AlienKevin · 2023-08-19T19:22:46Z

This PR features 2 additions:

Adds a simple test using human-annotated jyutping sentences from words.hk. The test module test/test.py outputs the correct and incorrect sentences as text files for inspection and also gives an averaged syllable error rate over the entire corpus.
Incorporate char.tsv in the preprocess.py so that most frequent 預設 jyutpings for characters can overwrite uncommon pronuncations in the jyut6ping3.dict.yaml file.

Benefits

After the addition of 2, the syllable error rate decreased almost 20% from 7.33% down to 5.88%.

Future work

May need proper word segmentation instead of longest prefix match for more accurate handling of polyphones.

…rom 7.33% to 5.88%

graphemecluster · 2023-08-19T19:38:11Z

preprocess.py

@@ -4,6 +4,7 @@
 t2s = OpenCC('t2s').convert

 os.system('wget -nc https://raw.githubusercontent.com/rime/rime-cantonese/5b6d334/jyut6ping3.dict.yaml')


How much will the results be affected if we eliminate the downstream file and grab all files from upstream? Presuming we are going with this, let’s make upstream a submodule instead.

I think submodule would be hard to maintain

How will? Isn’t a submodule just an SHA, as if we manually amend the link regularly in this file?

I see. Then it may not be a problem

laubonghaudoi · 2023-08-20T00:50:57Z

呢個 PR 好似好大，我想知嗰啲 txt 係邊度嚟嘅？啲標音嘅正確率如何？

graphemecluster · 2023-08-20T07:54:45Z

@laubonghaudoi 正確率咪就係上面 Benefits 嗰度寫嘅嘢

graphemecluster

嗰兩個 *_base file 喺邊度嚟嘅？係咪就係未 normalize 嘅 result？
同埋我 prefer 唔 include generated files，另外嗰兩個 results file 你擺上嚟／send 畀我哋就得

graphemecluster · 2023-08-20T08:02:16Z

tests/test.py

+            reference = remove_ng_onset(normalize_nei_to_ni(reference))
+            hypothesis = remove_ng_onset(normalize_nei_to_ni(hypothesis))
+            if reference == hypothesis or \
+                diff_by_tone_only(reference, hypothesis) or \
+                diff_by_a(reference, hypothesis):
+                    continue


I suggest let jiwer perform these normalizations by adding the third and fourth parameters to jiwer.wer. Currently sentences differing by tone or -a are included in neither correct nor wrong sentences file.

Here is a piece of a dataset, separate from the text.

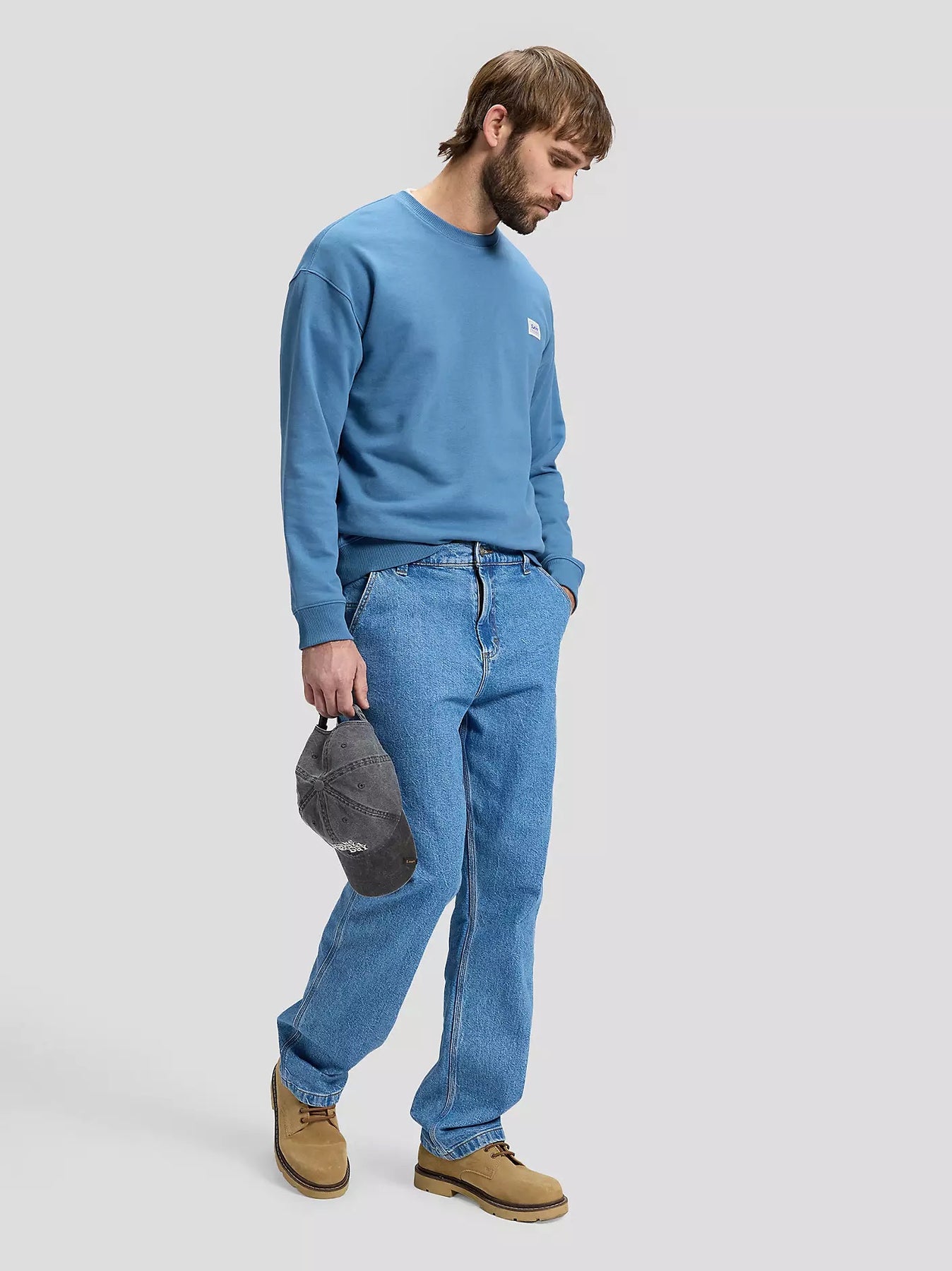 Denne klassiske Workwear-genseren med avslappede passformen i en klassisk blåfarge: Gir den en superkomfortabel, litt overdimensjonert silhuett, mens den vevde Workwear-logoen gir en førsteklasses følelse og et snev av tradisjon. Laget av en bomullsblanding med en ubørstet finish, perfekt for varmere dager.
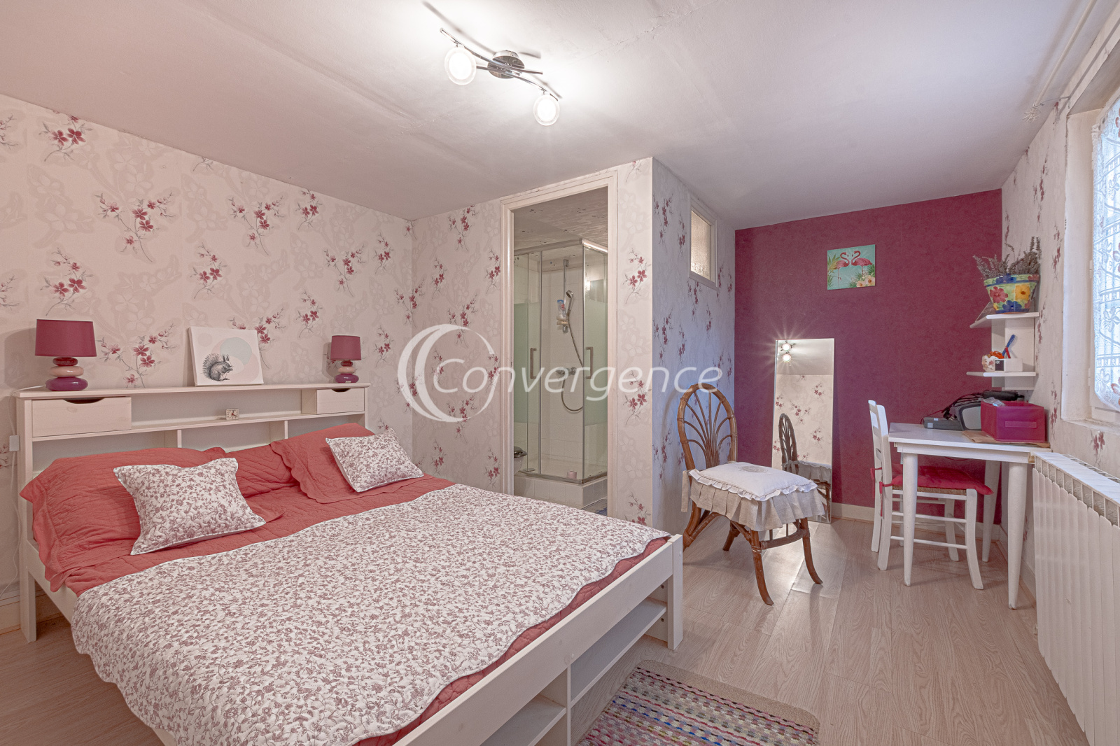 En rez de jardin, logement de 38 m² pouvant être indépendant parfait pour adolescent, personne âgée ou pour loger de la famille. Vous disposez d'un séjour/cuisine avec accès à une véranda, une chambre et sa salle d'eau privée, un wc. Buanderie, chaufferie, cave et vaste garage de 26 m².

I filtered those sentences out because many times they are only stylistic differences in the romanization or sometimes personal preferences for 變調. However, it's generally hard to tell whether it's a true error or just stylistic difference so I think it's important to consider those differences in the calculation of WER.

I view the output sentences as an overview for humans to find and fix common error patterns. Since we already know that some stylistic differences do occur and are many times false alarms, I think we can safely filter them out in the sentences files to help us focus on more pressing and easier-to-fix issues.

graphemecluster · 2023-08-20T08:10:42Z

如果你得閒，可唔可以用 ToJyutping.get_jyutping 統計一下邊啲字錯得最多？

laubonghaudoi · 2023-08-20T17:11:45Z

唔係，我係唔理解點解要將幾個大 txt 加入呢個包入面，既然佢哋唔係個程式依賴嘅數據，只不過係用嚟做 benchmark嘅，噉點解要加落呢個包度？我問正確率如何意思係，我見到啲 txt 有 wrong 又有 wrong base，意思即係佢啲數據係人標嘅而唔係呢隻程式嘅輸出？噉既然係人標嘅就會有準確率？

AlienKevin · 2023-09-07T14:41:55Z

我問正確率如何意思係，我見到啲 txt 有 wrong 又有 wrong base，意思即係佢啲數據係人標嘅而唔係呢隻程式嘅輸出？噉既然係人標嘅就會有準確率？

Sorry for the confusion. The base files are the output of the version before this PR while the non-base files are the output after this PR. Those files are meant to ease human inspection and shouldn't be packaged for a release. I'm not too familiar with how Python packages are released in general, so feel free to delete those files or put them into gitignore, etc.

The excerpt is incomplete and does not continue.